通过全面检索截至2018年3月的PubMed、Embase、Cochrane图书馆、中国知网、维普和万方数据库,获取比较锚钉固定与微型钢板固定在颈椎板成形术中治疗MCSM临床疗效的相关研究。根据纳入标准对纳入研究进行评估。主要终点指标包括:术前日本骨科协会(JOA)评分、术后JOA评分、JOA评分改善率、术前和术后颈椎活动度(ROM)、术前和术后颈椎曲度指数(CCI)、椎板开门角度、手术时间、出血量、C5神经麻痹发生率和轴性症状发生率。
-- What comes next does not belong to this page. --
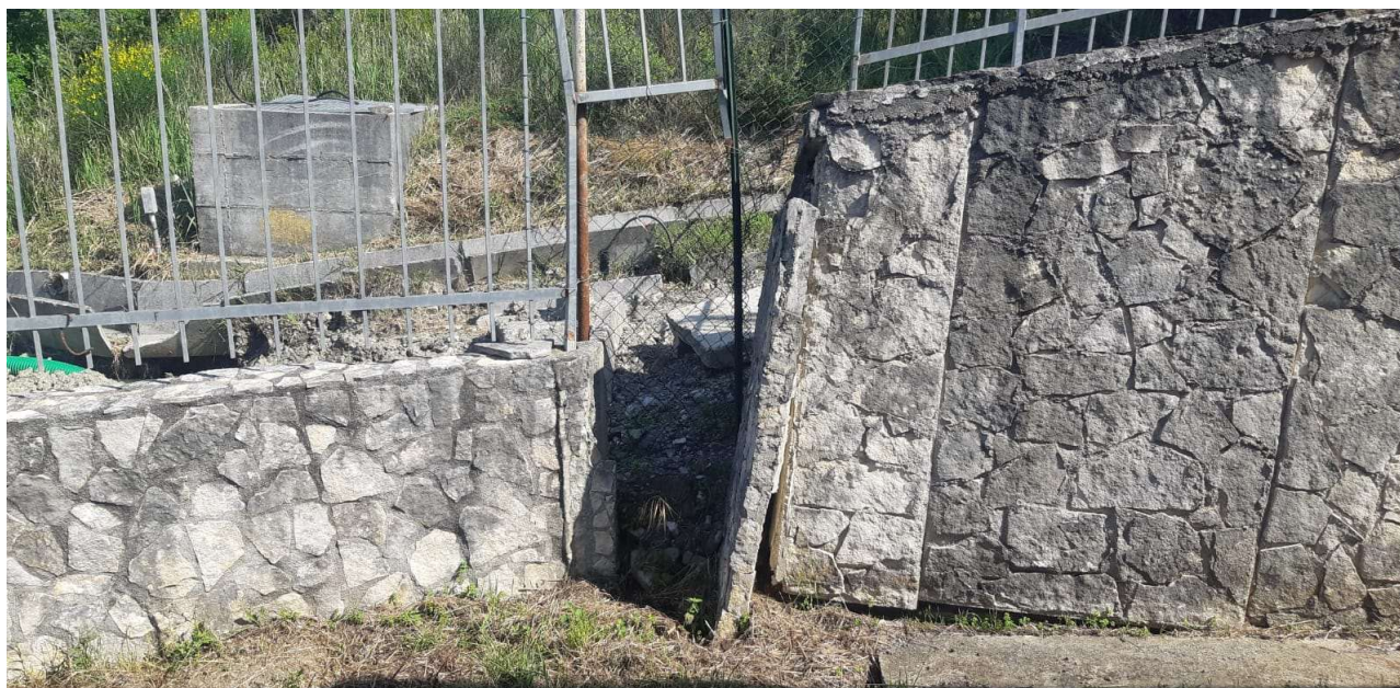
Figura 14 – Muretto di cinta

最初检索了中英文文献进行综述,但本荟萃分析仅纳入了12篇中文文章。根据纽卡斯尔-渥太华量表(NOS),所有入选研究质量均较高。在809例患者中,372例行锚钉固定,437例行微型钢板固定。本荟萃分析结果表明,术前JOA评分、JOA评分改善率、术前CCI、术前ROM、C5麻痹发生率和出血量方面未发现显著差异。然而,与微型钢板固定相比,锚钉固定患者的轴性症状发生率更高[相对危险度(RR)=1.75,95%可信区间(CI)(1.31,2.35),P<0.05],术后JOA评分更低[标准化均数差(SMD)=-0.38,95%CI(-0.62,-0.15),P<0.05],术后CCI更低[SMD=-0.64,95%CI(-0.94,-0.33),P<0.05],术后ROM更低[SMD=-1.11,95%CI(-2.18,-0.04),P<0.05],椎板开门角度更小[SMD=-1.98,95%CI(-3.71,-0.24),P<0.05],手术时间更短[SMD=-0.33,95%CI(-0.59,-0.07),P<0.05]。
与锚钉固定相比,颈椎板成形术中微型钢板固定似乎能获得更好的临床和影像学结果,手术并发症更少。然而,仍需要未来设计良好的随机对照试验来进一步证实我们的结果。